Author Response File: Author Response.docx

Reviewer 3 Report

Tarrant et. al. analyzed 1,100 consecutive geriatric hip fracture patients undergoing surgical fixation using long or short version of G3 IMN nail. They found that age was associated with failure for those 16 failed cases with lateral wall insufficiency and medical calcar loss. The ms. is well written and organized. The following questions should be answered before considered for publication.

  1. Page 2, Line 83: Please provide a brief explanation on the AO/OTA subtypes AO31A2.2, 2.3 and 3.3.
  2. In this study, the median follow-up time is 707 days, while failures occurred at a median post-operative time of 111 days (40-413). Why did the failures happen during the first few months after the surgery?

Author Response

Please see file

Author Response File: Author Response.docx

Reviewer 4 Report

Overall, I think the paper is interesting..
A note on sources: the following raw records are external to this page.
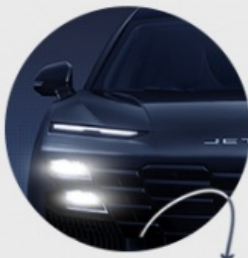
Streamer's wings LED headlights
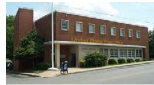
U.S. Post Office Buy your holiday stamps now
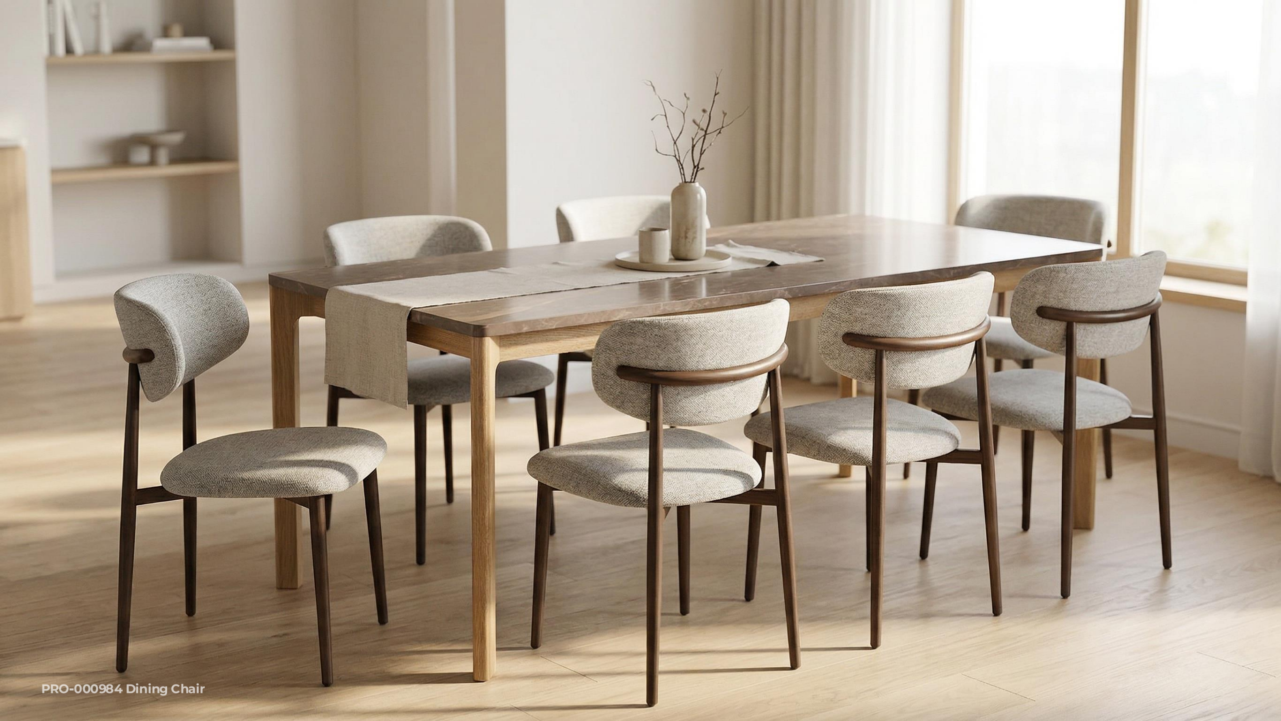
PRO-000984 Dining Chair
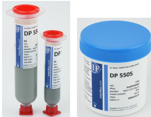
Products pictured may differ from the product delivered

DP 5505 SnPb(Ag) is classified as RO L0 according IPC and EN standards.

The approach of the authors to this important topic is structured and supported with a huge numbers of cases. However - some points should be reconsidered: 

  1. Maybe the definition of failure should be reconsidered... I think a peri-implant fracture, especially after a second trauma should not be included, as this force cannot be predicted and would have an impact on any implant of the femur. However I cannot understand why the shortening of the femoral neck and thus the lateralisation of the femoral neck screw is excluded instead. I suggest that the primary outcome should be: cut-out or cut-through of the femoral neck screw, breakage of the implant and symptomatic shortening after weight bearing - as they are all due to the instability of the fracture-pattern. Non-union could be added, but it should be differentiated, whether biology or stability ist the key-factor... 
  2. It is not mentioned, whether all patients were treated with the same post-op sceme. Was there any partial weight-bearing?
  3. Patient data should include the body mass index. As only low-energy traumas were included, I would be curious to know the percentage of heavy-weight patients, especially with the A2.3 and 3.3 Fractures. May this be another factor influencing failure risk? Please discuss.. 
  4. As there are only 16 documented failures in this huge group of patients a individulized failure-analysis would be an interesting add-on. 
  5. The key-message is that younger patients have a higher risk of failure in comminuted, instable peritrochanteric fractures... How did that result influence the treatment strategy of the authors? Do you apply additional measures? Please describe/discuss..

Author Response

Please see file

Author Response File: Author Response.docx

Round 2

Reviewer 1 Report

The authors have been able to accurately respond to many of the orders from the reviewers. I have no objection to the acceptance of the paper as a retrospective study of a huge number of cases.

Reviewer 4 Report

All questions have been answered adequately and all concerns have been adressed.